Here are some of my favorites:
- Breathe. ALWAYS start by taking a deep breath.
- Take a ten minute walk outside, noticing all the scene around you. Can you see the breeze going through the trees? What are the colors around you?
- Play 54321. Take a moment to:
SEE FIVE things around you. (I generally like to choose a color or shape to direct my attention on something)
HEAR FOUR things around you.
FEEL THREE things around you. (Don’t just use your hands. What do you feel with your skin? Feel your toes warm in their socks. Feel your back pressed against the chair.)
SMELL TWO things around you. (Even just sniffing your shirt discreetly counts.)
TASTE ONE thing around you. (Or at least just direct your attention to your tongue. Is there any taste to be found?)
I love this game because it can be done around others without them knowing you are doing it. And this can be done over and over if needed.

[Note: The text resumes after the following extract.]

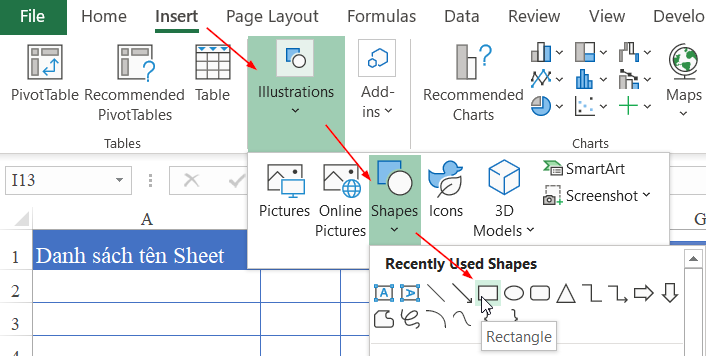 - Danh sách tên sheet

And redirecting our attention to the very smallest details of the present moment is a great antidote to getting stuck in our suffering.
- Draw a mandala on your napkin. This is a great activity to keep your hands and your mind occupied.
http://www.youtube.com/watch?v=g16B64myG-E&feature=related
- Slip away from ten minutes and use your phone to visit some of these sites:
- Make your own soothing soundtrack. Add exactly what you want to hear in your nature background. Slight rain with some waves in the background, seagulls in the mountains – it’s up to you.
- Be transported randomly anywhere around the world. This website randomly chooses street views from google maps. You can choose which continent or continents you’d like to see. Even Antarctica.
- Towards the bottom of this page there are great multiplication games to keep your mind occupied, like flying a plane through the clouds to answer multiplication questions.
http://www.multiplication.com/
- Who doesn’t want to look at pictures of cuddly animals – kittens, puppies, and more.
Play around and find what works for you – be creative. Try to get at least three options that you can use the next time you feel like the pain of a situation is getting too big.
Just One Starfish in the Sea
When we are in pain we can get caught up in our own stories. So I’ll leave you with this thought. Remember that you are just one little being on this great big planet. Every being is just doing their best with what they know. No matter what you are doing, meanwhile there are starfish crawling over the ocean floor, baby birds hatching, killer whales teaching their young how to hunt, arctic foxes feeling the wind in their fur, and somewhere otters are asleep holding hands. Each of our lives is just one teeny tiny thread in the great tapestry of life. And hopefully you now have a little more skill to get through some of the tougher parts of your contribution to the tapestry.